Nada tiene que ver con el caso que nos ocupa. He hecho la anterior referencia para ilustrar qué se entiende por negro en el mundillo de los libros y para poner en evidencia cómo Luis Cortés ha actuado de negro con pluma blanca, es decir simulando la escritura quijotesca a las claras, sin ocultarse y declarando desde el principio el carácter apócrifo de sus artículos. Lo que enaltece a este prodigioso malabarista de los coloquios nunca celebrados entre Don Quijote, Sancho y otros y las dramatis personaes que trae de las musas al teatro.
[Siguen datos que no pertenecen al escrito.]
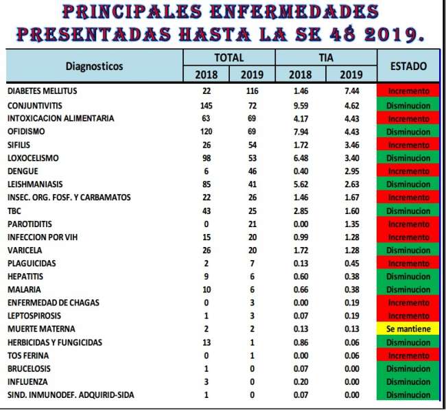 Entre las principales enfermedades en las que se obtuvo un incremento en lo que va del año 2019 están: la diabetes, intoxicación alimentaria, sífilis, dengue, parotiditis, infección por VIH, plaguicida, enfermedad de chagas, leptospirosis y tos ferina.

Ya hubiese querido el máximo autor de las Letras españolas haber conocido a un tan notable imitador de su estilo cuya prosapia lo engarza con los mejores linajes novelescos de siglos pretéritos.
Échenle un vistazo al currículo de este catedrático de Lengua Española de la Universidad de Almería, doctor en Filología Románica por Salamanca (bajo la dirección del sabio don Antonio Llorente, autor del Atlas Lingüístico y Etnográfico de Andalucía) y tómense tiempo para ojear el currículo de un científico del idioma cuya sabiduría queda destilada en esta colección que la Editorial de la Universidad de Almería ha tenido el buen gusto y el acierto de poner a disposición de los lectores.